Engagée depuis des années auprès des mobilisations locales, la Fondation Danielle Mitterrand se place aux côtés du chef coutumier Roland Sjabere, des habitant.es et de leurs soutiens. Face au manque de considération de la parole autochtone et aux risques pour cet espace de forêt ; l’implantation de la centrale doit se déplacer et le droit à l’autodétermination doit être respecté.

Le projet de Centrale Electrique de l’Ouest Guyanais (CEOG) mêlant du solaire photovoltaïque et une unité de stockage sous forme d’hydrogène vise à fournir l’équivalent de 10 000 foyers de l’ouest de la Guyane qui fait face à des besoins énergétiques importants depuis plusieurs années.
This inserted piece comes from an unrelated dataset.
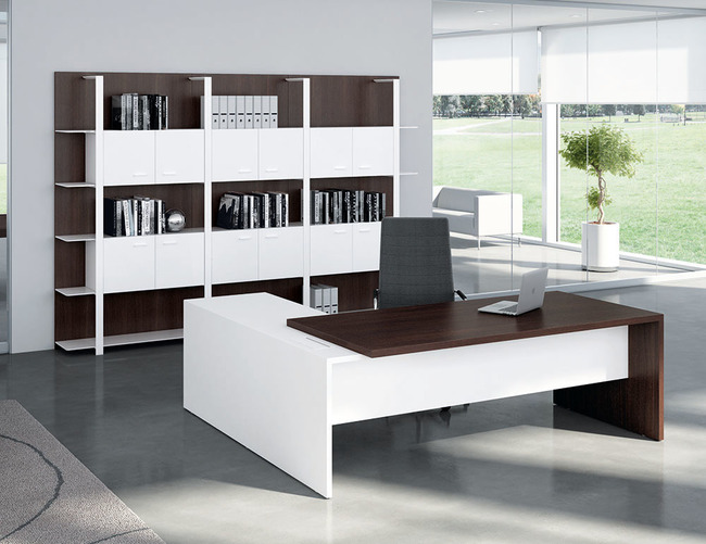 Цвет: венге. Стол руководителя, стол переговоров, стеллаж, шкаф.

Selon le site internet détaillant le projet « CEOG ne consomme que du soleil et de l’eau et ne produit que de l’électricité et de la vapeur d’eau ». Un projet plus vert que vert en perspective pour la Guyane ? Pas si sûr si l’on se penche sur le fond technique du dossier. Mais le problème majeur est surtout son emplacement. Le projet de centrale serait en effet implanté en pleine forêt tout proche (un kilomètre environ) du village autochtone Kali’na Atopo Wepe de 200 habitants près de Saint-Laurent du Maroni. Les villageois demandent le déplacement du projet. Depuis décembre dernier les mobilisations du village menées par le Yopoto (chef coutumier en langue Kali’na) Roland Sjabere sont soutenues par de plus en plus d’associations, organisations autochtones et chefs coutumiers dénonçant le mépris de leur parole. Les actions s’intensifient car le risque d’implantation effective est imminent et les machines démarrent déjà des travaux sur la parcelle en question.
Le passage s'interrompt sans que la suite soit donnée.